Extracted data entries
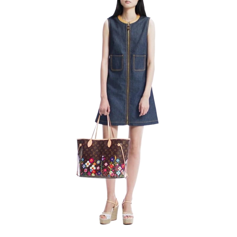 The Helios wedge sandal from the re-edition of the Louis Vuitton x Murakami collection combines an elegant, espadrille-inspired rope sole with a statement coated canvas upper embellished with a joyful rendition of the Monogram motif in playful rainbow tones. The slim ankle strap is secured with a delicate gold-toned buckle, while a studded natural leather trim completes the look with a rebellious touch.
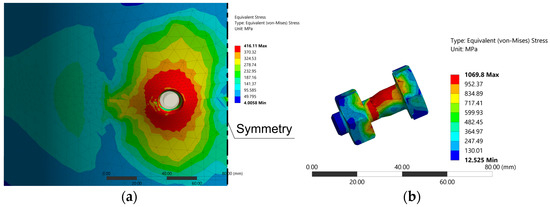 Regardless of the preloading force and the gaps, failure mode of the numeric simulation was the punching shear of the bolts (Figure 13a). It can be seen from Figure 13b that bolts also experienced bending, as von Mises stress values in the half of the shank reached the ultimate stress.
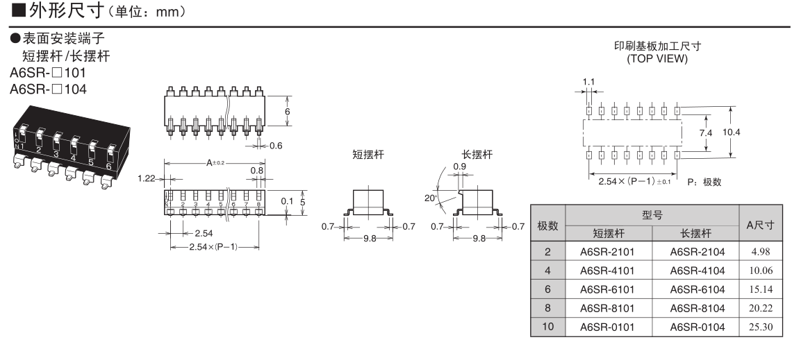 標(biāo)準(zhǔn)表面安裝琴鍵型撥動(dòng)開關(guān)
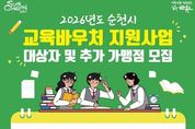 순천시가 가정형편 등으로 학원 수강이 어려운 취약계층 가정 학생들에게 수강료를 지원하는 교육바우처 사업을 시행한다. 2026년 교육바우처 지원사업은 기초수급자·차상위계층·한부모·조손·다자녀 가정 등의 초·중·고등학생을 대상으로 예체능, 직업기술, 제2외국어 과목(국·영·수 제외)에 대해 수강료를 지원하는 사업이다. 희망자는 시 홈페이지 게시판, 읍면동 행정복지센터를 통해 신청서 작성 및 구비서류를 준비해 1월 19일부터 2월 20일까지 주소지 읍면동 행정복지센터에 방문․제출하면 된다. 지원 대상자는 자체 선정심사를 통해 확정 후 3월부터 12월까지 수강료를 지원받게 되며, 선정된 학생들에게 교육바우처 카드를 지급, 가맹점으로 등록된 학원에서 사용하면 된다. 또한, 교육바우처 지원사업에 참여를 원하는 학원은 가맹점 등록 신청서 등을 작성해 순천시 평생교육과로 제출하면 된다. 시 관계자는 “순천시 교육바우처 지원 사업으로 가정형편이 어려운 학생들이 교육비 걱정을 덜고 배움의 기회를 넓히는 데 도움이 되기를 바란다”며, “앞으로도 누구나 공평하게 교육받을 수 있는 순천시를 만드는 데 최선을
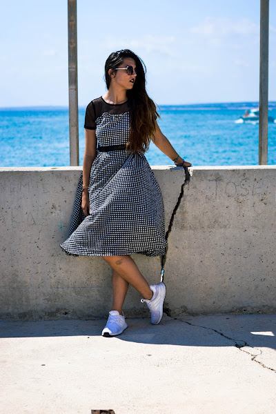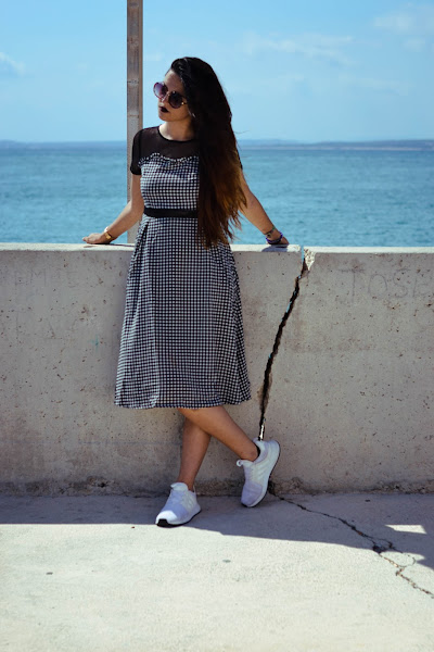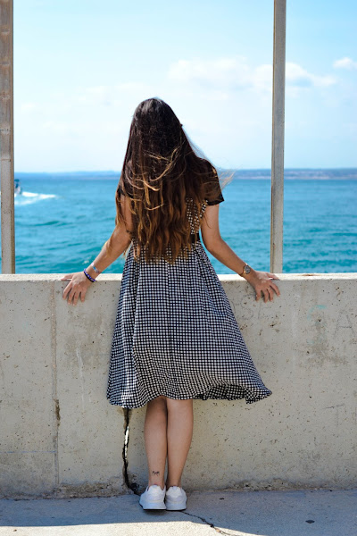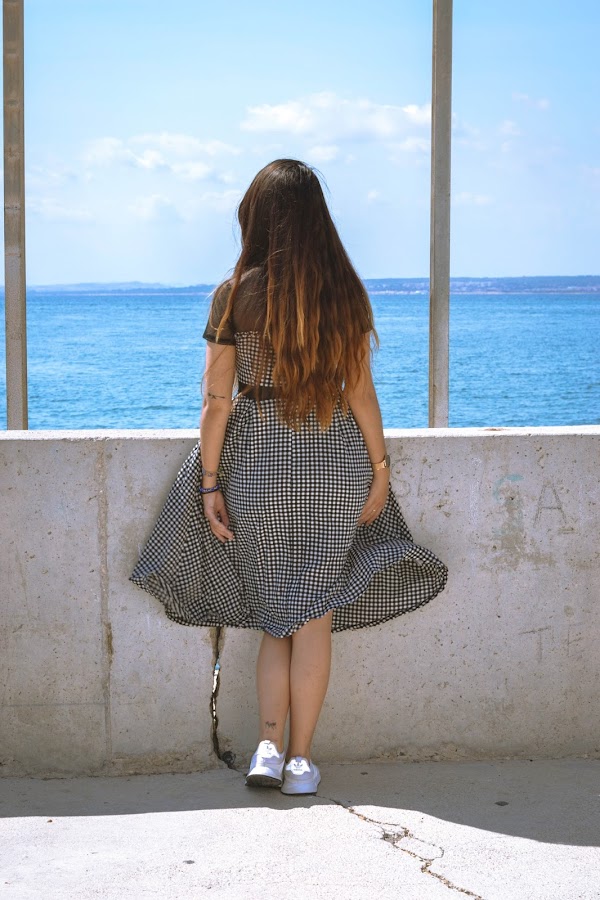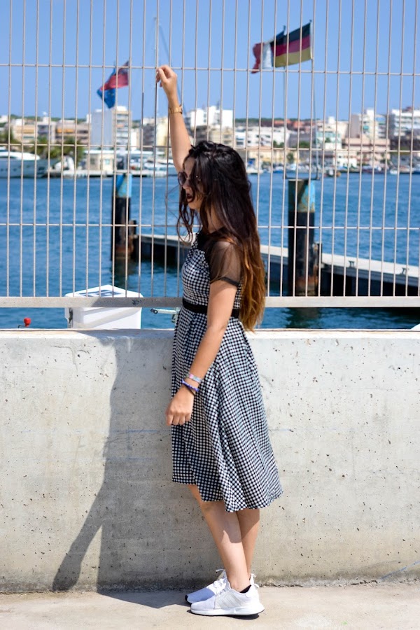 combina tendencias uniendo el estampado vichy que tanto furor está causando junto con algunas transparencias, que poco a poco van impregnando de nuevo las tiendas en su versión más sexy y femenina. Tiene un vuelo y una caída espectacular, y algo que nos favorece muchísimo a las que somos altas: el corte midi. Es mi vestido todo terreno. Con tacones, con sandalias, con botines, con sneakers -como es este caso- ¡lo que le pongas! va a quedar fabuloso.

■ DIRECTIONS FOR THIS TASK ■
All of the data gets printed again exactly; the pictures do not.

■ ANSWER BELOW ■
 The Helios wedge sandal from the re-edition of the Louis Vuitton x Murakami collection combines an elegant, espadrille-inspired rope sole with a statement coated canvas upper embellished with a joyful rendition of the Monogram motif in playful rainbow tones. The slim ankle strap is secured with a delicate gold-toned buckle, while a studded natural leather trim completes the look with a rebellious touch.
 Regardless of the preloading force and the gaps, failure mode of the numeric simulation was the punching shear of the bolts (Figure 13a). It can be seen from Figure 13b that bolts also experienced bending, as von Mises stress values in the half of the shank reached the ultimate stress.
 標(biāo)準(zhǔn)表面安裝琴鍵型撥動(dòng)開關(guān)
 순천시가 가정형편 등으로 학원 수강이 어려운 취약계층 가정 학생들에게 수강료를 지원하는 교육바우처 사업을 시행한다. 2026년 교육바우처 지원사업은 기초수급자·차상위계층·한부모·조손·다자녀 가정 등의 초·중·고등학생을 대상으로 예체능, 직업기술, 제2외국어 과목(국·영·수 제외)에 대해 수강료를 지원하는 사업이다. 희망자는 시 홈페이지 게시판, 읍면동 행정복지센터를 통해 신청서 작성 및 구비서류를 준비해 1월 19일부터 2월 20일까지 주소지 읍면동 행정복지센터에 방문․제출하면 된다. 지원 대상자는 자체 선정심사를 통해 확정 후 3월부터 12월까지 수강료를 지원받게 되며, 선정된 학생들에게 교육바우처 카드를 지급, 가맹점으로 등록된 학원에서 사용하면 된다. 또한, 교육바우처 지원사업에 참여를 원하는 학원은 가맹점 등록 신청서 등을 작성해 순천시 평생교육과로 제출하면 된다. 시 관계자는 “순천시 교육바우처 지원 사업으로 가정형편이 어려운 학생들이 교육비 걱정을 덜고 배움의 기회를 넓히는 데 도움이 되기를 바란다”며, “앞으로도 누구나 공평하게 교육받을 수 있는 순천시를 만드는 데 최선을
 combina tendencias uniendo el estampado vichy que tanto furor está causando junto con algunas transparencias, que poco a poco van impregnando de nuevo las tiendas en su versión más sexy y femenina. Tiene un vuelo y una caída espectacular, y algo que nos favorece muchísimo a las que somos altas: el corte midi. Es mi vestido todo terreno. Con tacones, con sandalias, con botines, con sneakers -como es este caso- ¡lo que le pongas! va a quedar fabuloso.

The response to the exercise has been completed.